Exercise brief: Copy exactly the lines of the data below, beginning with the line with "Paviljong trädgård vit tak grå metallstomme" and ending with the line with "North Country Healthcare". Pictures are to be omitted.

(Items listed in a dataset)
==============================
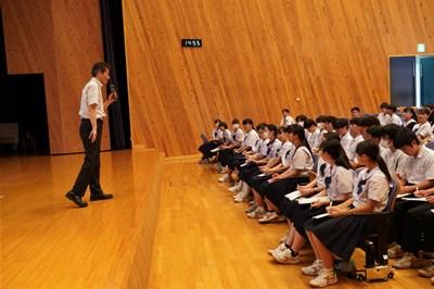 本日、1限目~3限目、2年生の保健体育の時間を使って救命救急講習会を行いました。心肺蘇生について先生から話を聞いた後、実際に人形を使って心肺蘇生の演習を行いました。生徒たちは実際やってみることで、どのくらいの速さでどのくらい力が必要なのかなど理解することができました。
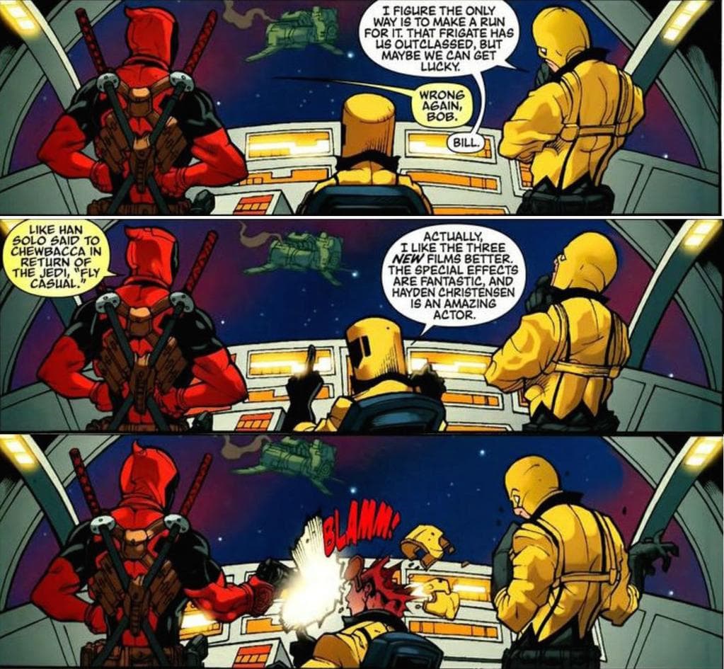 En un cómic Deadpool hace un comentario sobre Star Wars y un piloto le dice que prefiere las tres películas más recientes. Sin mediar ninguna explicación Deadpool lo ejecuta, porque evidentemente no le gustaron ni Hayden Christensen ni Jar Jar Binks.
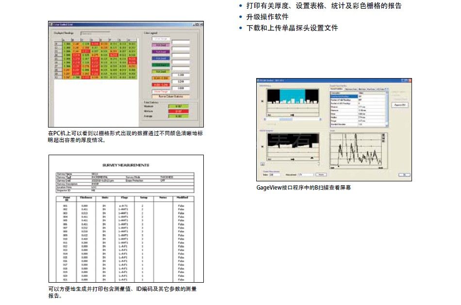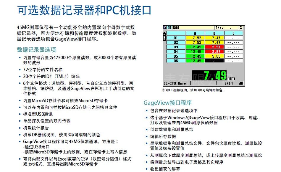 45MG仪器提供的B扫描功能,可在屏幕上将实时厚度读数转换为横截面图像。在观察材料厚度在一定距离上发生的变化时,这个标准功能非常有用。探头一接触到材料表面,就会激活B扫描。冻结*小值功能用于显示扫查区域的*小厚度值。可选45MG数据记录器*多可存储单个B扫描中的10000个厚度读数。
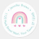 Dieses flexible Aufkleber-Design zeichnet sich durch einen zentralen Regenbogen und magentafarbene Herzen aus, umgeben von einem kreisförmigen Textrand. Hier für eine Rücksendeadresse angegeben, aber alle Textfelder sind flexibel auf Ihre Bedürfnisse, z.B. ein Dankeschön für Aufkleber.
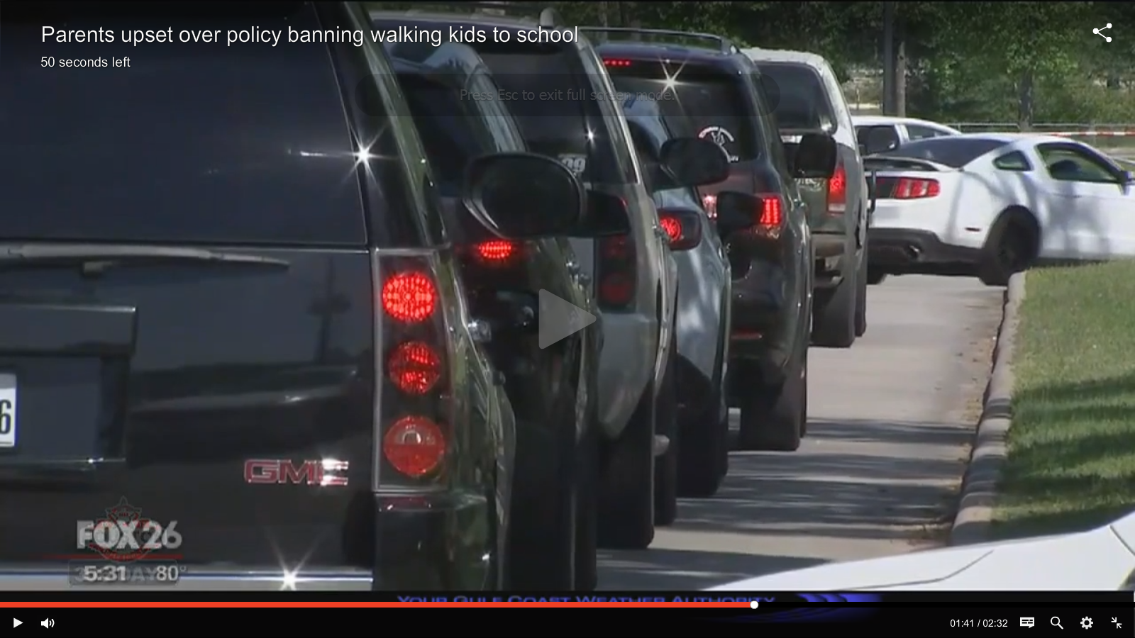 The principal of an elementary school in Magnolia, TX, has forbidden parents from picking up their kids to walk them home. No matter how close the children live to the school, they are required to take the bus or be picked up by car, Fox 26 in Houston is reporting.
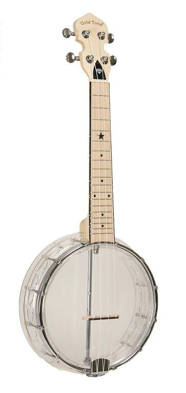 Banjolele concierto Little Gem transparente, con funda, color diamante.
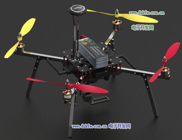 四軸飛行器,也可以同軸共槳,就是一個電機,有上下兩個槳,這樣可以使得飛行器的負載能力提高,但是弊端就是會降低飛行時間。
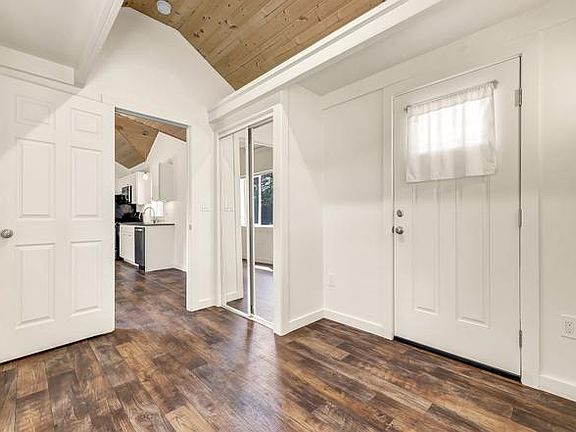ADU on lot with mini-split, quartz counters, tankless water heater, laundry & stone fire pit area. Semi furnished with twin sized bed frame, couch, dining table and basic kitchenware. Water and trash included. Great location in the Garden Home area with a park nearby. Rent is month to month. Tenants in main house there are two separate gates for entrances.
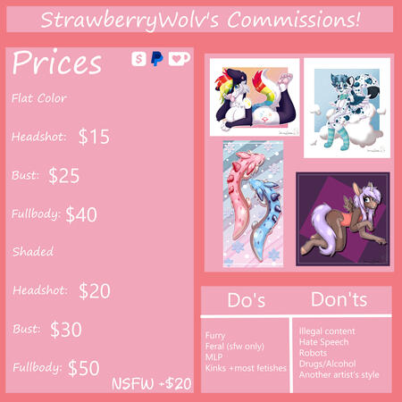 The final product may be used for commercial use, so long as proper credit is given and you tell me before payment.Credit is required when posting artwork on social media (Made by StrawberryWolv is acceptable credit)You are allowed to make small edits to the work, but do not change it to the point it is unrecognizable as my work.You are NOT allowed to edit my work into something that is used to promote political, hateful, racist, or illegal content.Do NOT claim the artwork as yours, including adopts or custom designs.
==============================
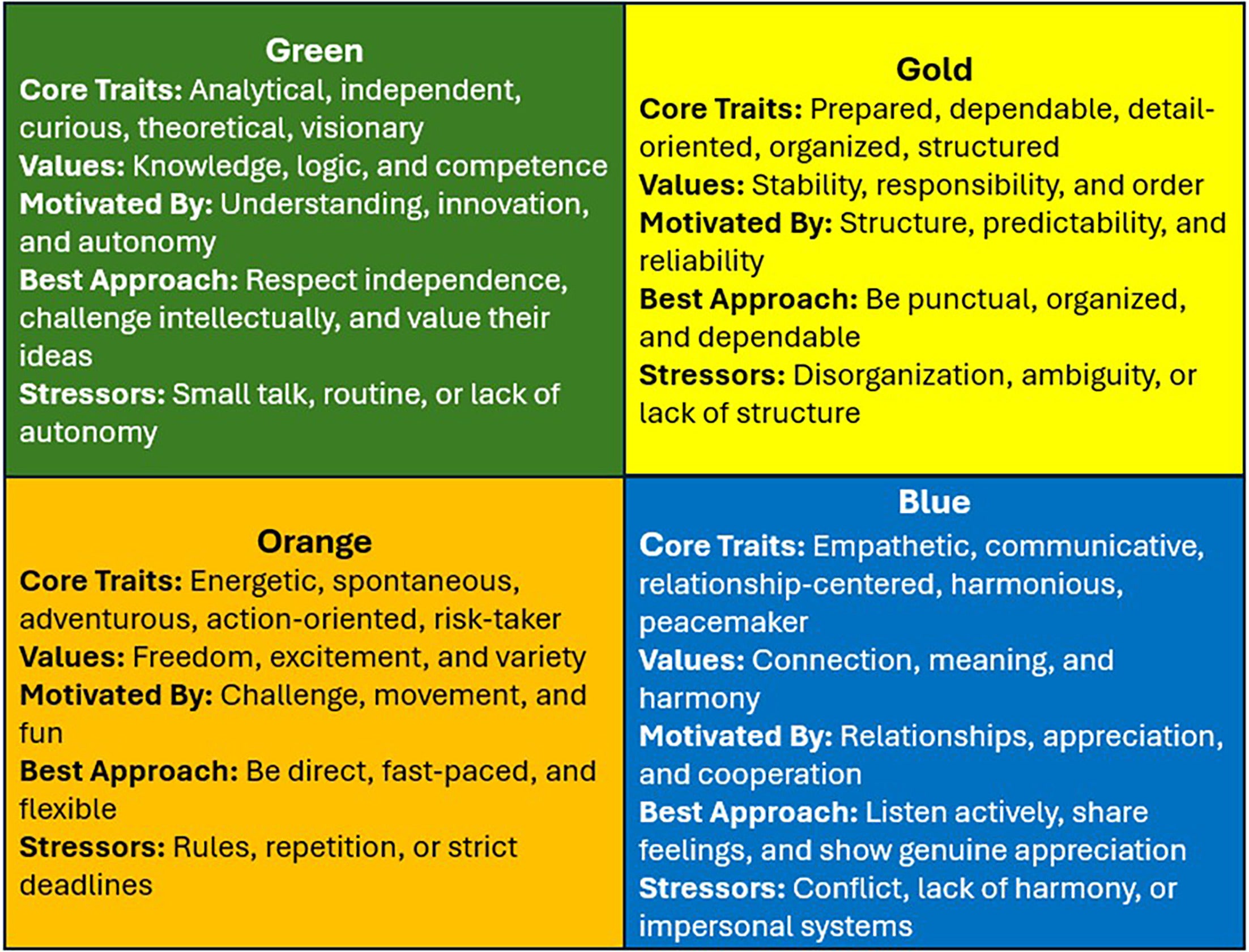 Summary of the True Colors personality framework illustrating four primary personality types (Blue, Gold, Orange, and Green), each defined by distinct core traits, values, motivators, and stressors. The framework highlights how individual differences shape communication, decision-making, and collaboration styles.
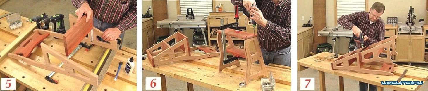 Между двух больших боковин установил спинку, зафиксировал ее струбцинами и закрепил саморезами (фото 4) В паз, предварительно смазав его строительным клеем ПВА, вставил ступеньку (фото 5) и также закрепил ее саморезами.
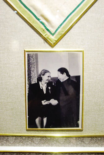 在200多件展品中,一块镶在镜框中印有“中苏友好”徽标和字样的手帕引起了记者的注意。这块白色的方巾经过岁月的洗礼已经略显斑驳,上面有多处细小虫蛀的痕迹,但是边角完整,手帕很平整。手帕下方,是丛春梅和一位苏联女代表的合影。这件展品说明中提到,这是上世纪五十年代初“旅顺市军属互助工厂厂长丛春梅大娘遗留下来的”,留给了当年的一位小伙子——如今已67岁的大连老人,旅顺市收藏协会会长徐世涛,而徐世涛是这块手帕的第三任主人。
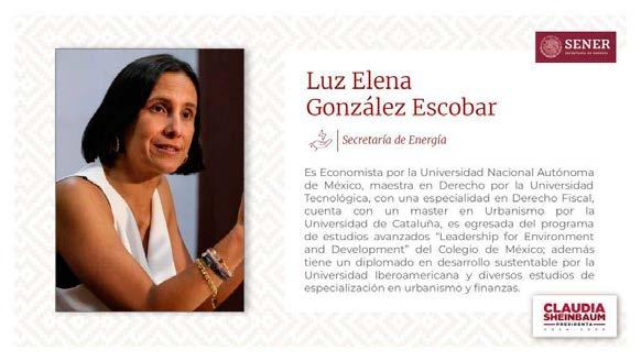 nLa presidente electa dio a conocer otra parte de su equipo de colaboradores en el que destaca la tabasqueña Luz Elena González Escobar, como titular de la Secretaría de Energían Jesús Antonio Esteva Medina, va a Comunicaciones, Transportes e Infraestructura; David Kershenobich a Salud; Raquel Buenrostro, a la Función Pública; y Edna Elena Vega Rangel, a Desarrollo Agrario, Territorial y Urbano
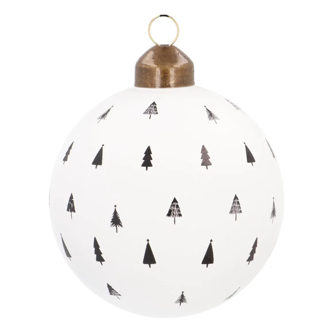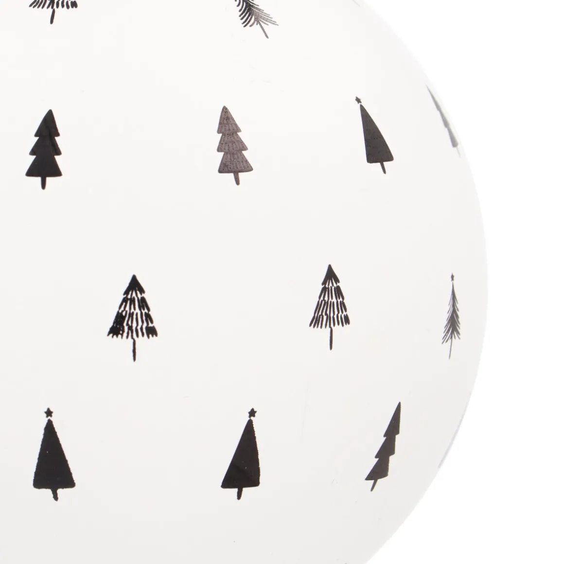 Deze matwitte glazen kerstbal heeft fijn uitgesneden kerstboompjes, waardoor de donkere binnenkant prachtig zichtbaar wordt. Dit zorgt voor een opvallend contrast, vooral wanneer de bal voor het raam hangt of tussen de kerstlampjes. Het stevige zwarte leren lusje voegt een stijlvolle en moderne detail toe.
==============================
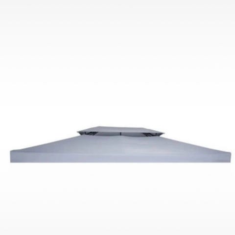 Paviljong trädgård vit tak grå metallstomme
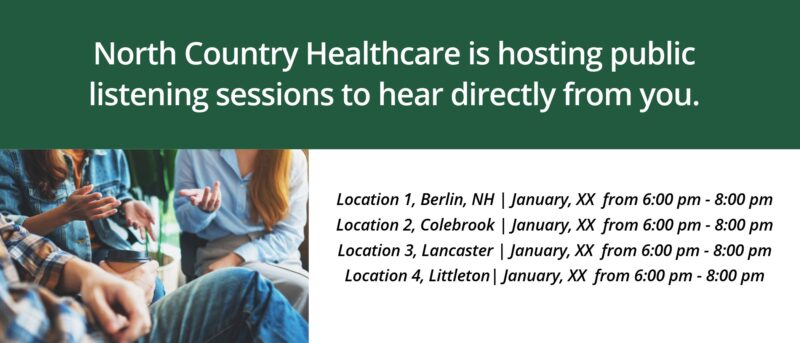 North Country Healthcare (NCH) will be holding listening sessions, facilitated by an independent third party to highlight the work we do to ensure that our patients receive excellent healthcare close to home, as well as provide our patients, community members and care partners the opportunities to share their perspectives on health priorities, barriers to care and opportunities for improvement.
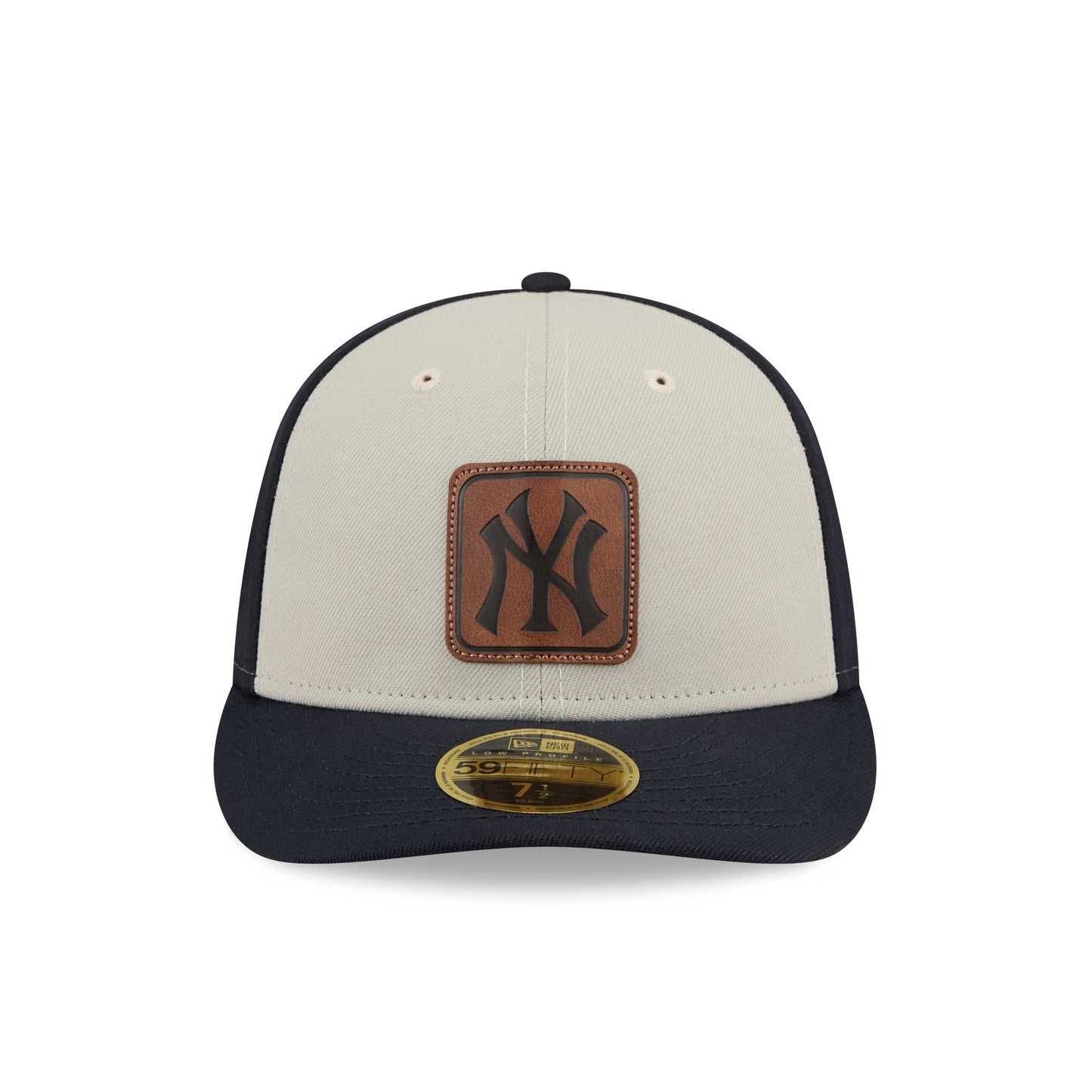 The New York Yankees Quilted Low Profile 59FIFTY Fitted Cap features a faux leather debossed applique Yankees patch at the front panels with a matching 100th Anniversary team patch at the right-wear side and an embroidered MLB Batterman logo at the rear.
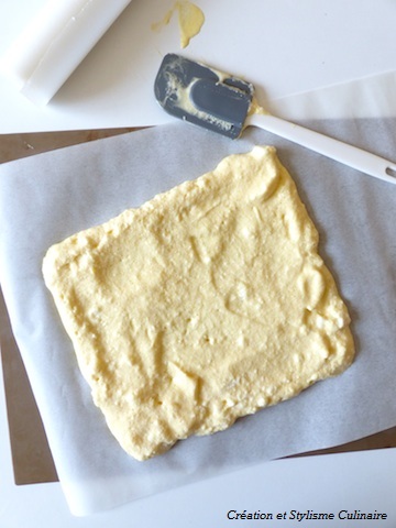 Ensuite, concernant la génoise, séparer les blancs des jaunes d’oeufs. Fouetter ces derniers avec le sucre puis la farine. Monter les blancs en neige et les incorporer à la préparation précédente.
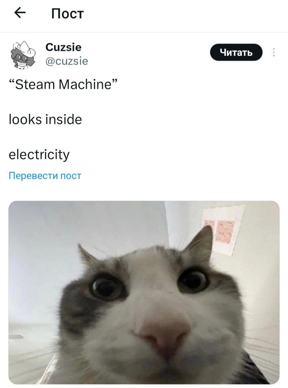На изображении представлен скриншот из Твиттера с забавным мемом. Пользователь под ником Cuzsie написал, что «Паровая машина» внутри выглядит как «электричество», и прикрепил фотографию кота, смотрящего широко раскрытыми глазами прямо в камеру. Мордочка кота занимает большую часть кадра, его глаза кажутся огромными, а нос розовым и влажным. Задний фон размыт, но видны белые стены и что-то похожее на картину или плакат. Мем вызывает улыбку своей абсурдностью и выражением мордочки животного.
==============================
Problem solution:
 Paviljong trädgård vit tak grå metallstomme
 North Country Healthcare (NCH) will be holding listening sessions, facilitated by an independent third party to highlight the work we do to ensure that our patients receive excellent healthcare close to home, as well as provide our patients, community members and care partners the opportunities to share their perspectives on health priorities, barriers to care and opportunities for improvement.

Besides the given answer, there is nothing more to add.